Wage Discussion Among Your Employees

Does your employee handbook prohibit employees from discussing their salary or bonus with co-workers? Many employers believe there are valid reasons for restricting the disclosure of wage rates and working conditions. For instance, you might worry that such honesty might create unhappy employees and damage employee morale. You may feel that discussion among employees could cause jealousy over or generate uncomfortable situations that require intervention and explanation. This issue is especially pertinent now, since the governor has signed a gender equity pay bill clarifying that “substantially similar” constitutes an equal position.

But did you know that restricting an employee’s ability to discuss wages and/or bonuses is unlawful and exposes you to liability? Labor Code Sections 232 and 232.5 protect the right of employees to discuss both. Moreover, Section 7 of the National Labor Relations Act provides protections for employees to discuss the terms and conditions of their employment. This provision is applicable to both non-union and union employers.

Under the Labor Code, no employer may do any of the following:

  • require, as a condition of employment, that an employee refrain from disclosing the amount of his/her wages or information about working conditions;
  • require an employee to sign any document denying the employee the right to disclose the amount of his/her wages or working conditions; or
  • discharge, formally discipline or otherwise discriminate against an employee for disclosing his/her wages or working conditions.

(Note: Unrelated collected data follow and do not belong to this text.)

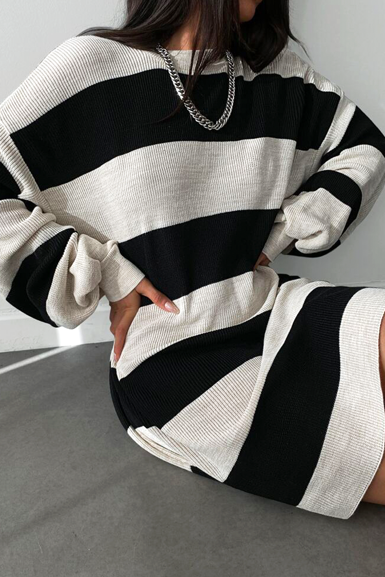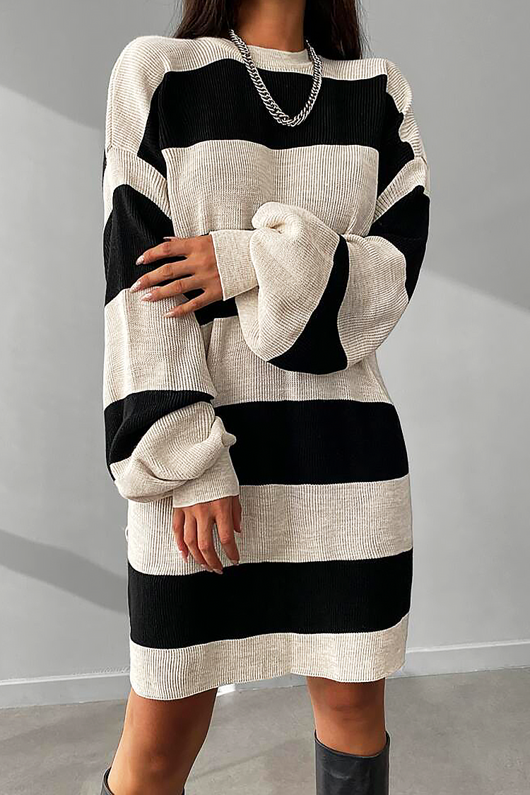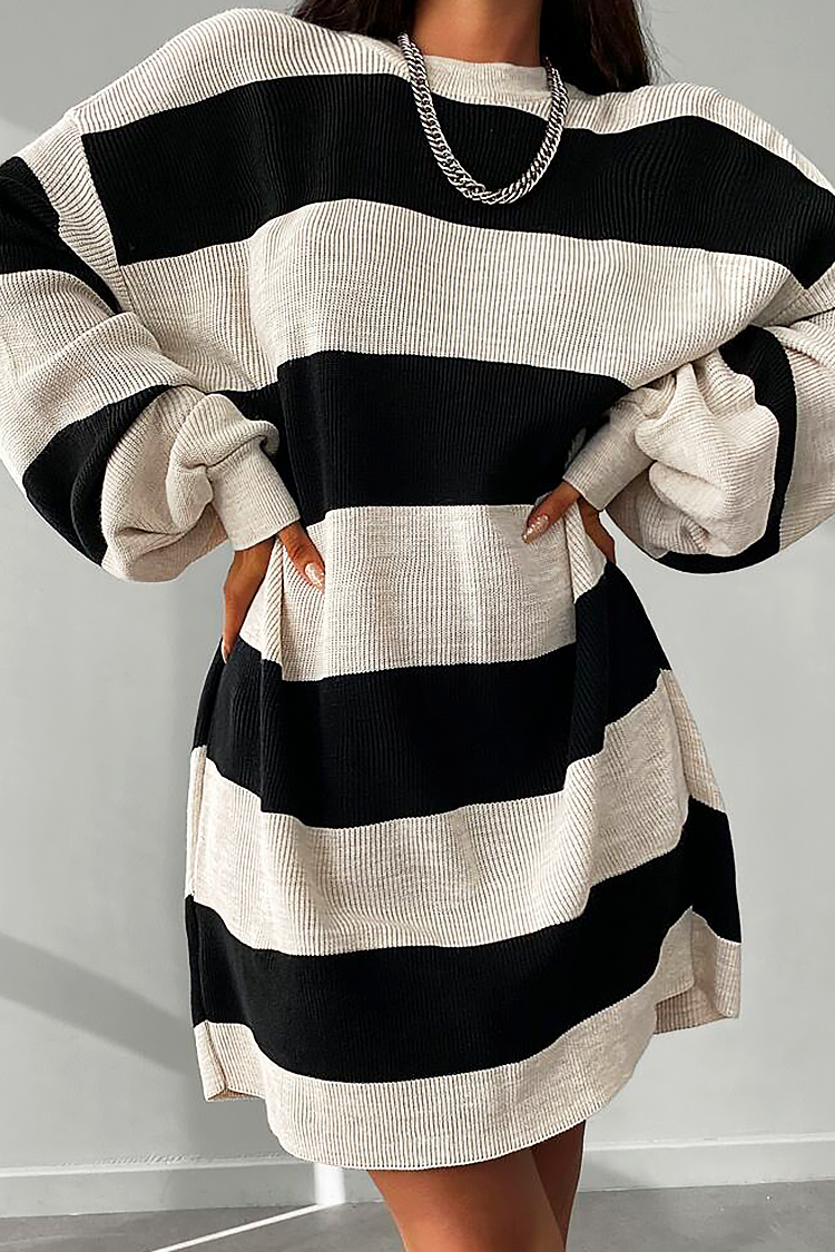- За стилна визия, изберете тази къса рокля с десен на райе.
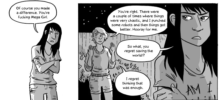 Something Positive is a funny, pessimistic, yet also strangely uplifting slice of life comic about a group of snarky friends in a fairly cynical universe. Originally focused on Davan Macintyre, a Texan born native who moved to Boston, it has expanded to a plethora of characters who slowly change and grow over time. What’s great about the comic is how bizarre yet strangely down to earth it can become. On one hand, you can laugh as a whole convention is slaughtered by an army of preteen cat girls. On the other, a death can come out of nowhere to give you one hell of a gut punch. And fans of the comic will know exactly what death I’m talking about. Which only shows how well-rounded the characters become and how well written the comic is overall. If you want to laugh, to cry, and to have quite a few dark and snarky comments to add to your repertoire, consider Something Positive. Â Â
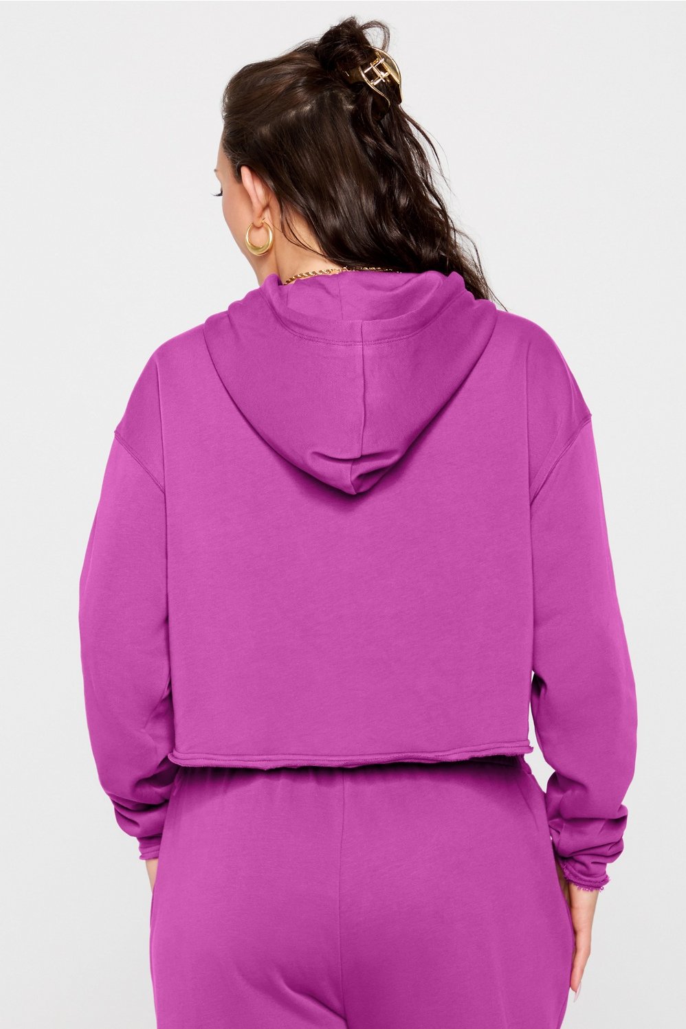 Minimal, modern, and made for daily wear. Designed with lightweight, recycled French terry fabric, this hoodie delivers a perfectly drapey fit, plus a cropped cut that highlights your waist.
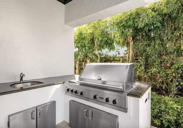 后立面的两侧设有通风的有顶门廊,有大量的户外用餐和娱乐空间。这栋房子有一个可停放三辆车的车库,凉亭下面有一个燃气供电的户外厨房,屋前还有雕刻的灌木和其他植物。
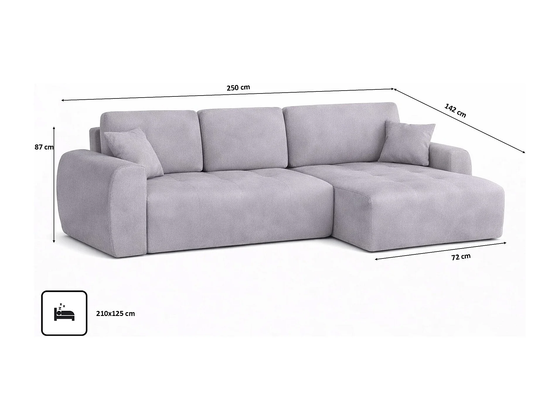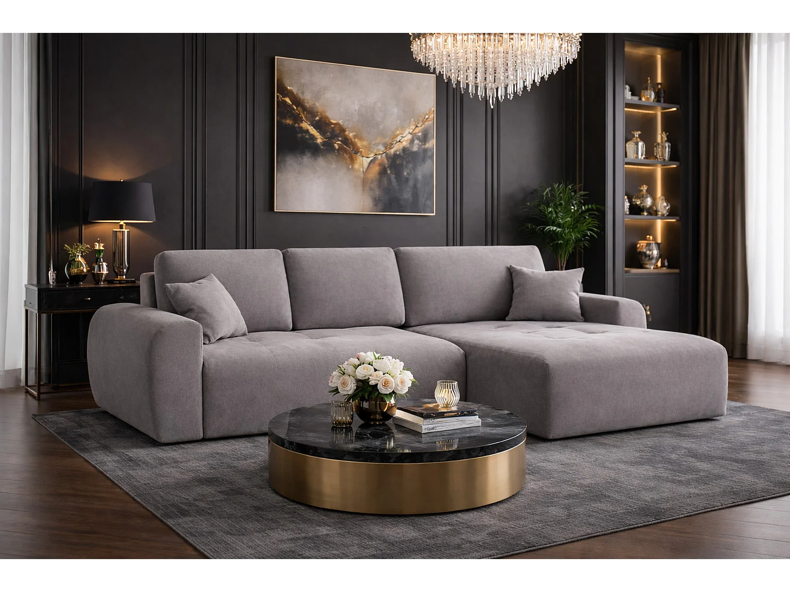 Hoekslaapbank met slaapfunctie en opbergruimte, L-vorm, Ivo L, veloursstof Salvador, Grijs, Rechts
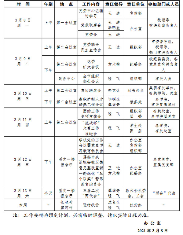 2020-2021学年第二学期第2周(3.8-3.15)工作安排
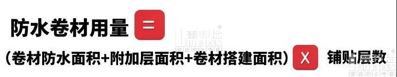 防水卷材用量主要是由卷材防水面積、附加層面積及卷材搭建面積三部分組成,它的計(jì)算公式為:
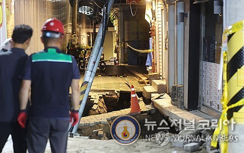 아울러 오후 11시 44분께 인근 주민들에게 지반 침하 사고로 전기, 수도, 가스 공급이 중단될 수 있으니 대비해달라는 내용의 안전문자를 추가로 보냈다.

The intention of this law is not to allow employees to disclose proprietary information, trade secret information, or information that is otherwise subject to a legal privilege without the consent of his/her employer. Rather, its purpose is to foster and protect the individual right of open, frank, and honest discussion.

With the governor’s recent signing of the SB358 Equal Pay bill, it’s more important than ever that you be aware of the laws regarding wage discussion among your employees. If you have not recently reviewed your employee handbook and company policy in this area, now is the time!